I was surprised and sickened at how these women turned on me, condescension, outright spite, and name calling. Then I noticed it happening everywhere. I remember one thread on the Unnecessarian, a woman verbally flayed for having a c/s. They picked at her like vultures, reducing her to a grovelling mess. If she wasn’t traumatized by her c/s she certainly was after this treatment.

I witnessed the most revolting treatment of a woman who lost her baby to a heart defect, and a mother who lost her baby to the hands of incompetent midwives told she had to own her outcome. She was blasted for posting pictures of her beautiful stillborn son. That face haunts me, a head of dark hair, so much like my own son. I cried for days, holding my boy tightly until he squirmed. It killed me to think how this mama would never hold her baby again.

But still the sickeningly sweet poison continues to flow; mothers are urged by these friendly cult leaders to do things that no one should ever do. But people like me and my friends are silenced and shunned. Their followers talk about how we must hate life and feel sorry for our children because we can’t see the perfection in birth and can’t dismiss the dangers that are so obvious to us. Blogs like Mama birth, The Mom:Informed, Made to birth, and Birth without Fear shame and cajole women into blindly following them like lemmings over the cliff. They appear to be so sweet and positive and out to educate women, but I believe they only want a cult following. And they do not care who pays the price.
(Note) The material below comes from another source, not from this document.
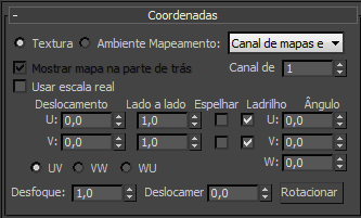 - Na implementação Coordenadas, desative Usar escala de mundo real se estiver ativado e verifique se Lado a lado foi definido como 1,0 para U e V.

They swarm around midwives like flies on carrion, making support pages and donating money for their legal fee and ostracizing the mothers of the babies they have allowed to die. I have been at the center of some ugly business in the last few days that has me questioning whether or not this is really worth it. Maybe I want to give up on the women who have been wooed into the pit. They certainly hate me for my troubles, let them risk their lives and their babies lives.

But at the center of this are the few who are really listening, and don’t know that it’s okay to have doubts about birth. They stay on the fringes, afraid to speak up. And they are coming, slowly, to the surface. I just want to tell you that we are here, and we welcome you, no matter how you birth and no matter how you choose to parent. You don’t have to pass a test or follow a set of criteria to find acceptance.

And to the rest of you, I truly hope you never find out how right we are.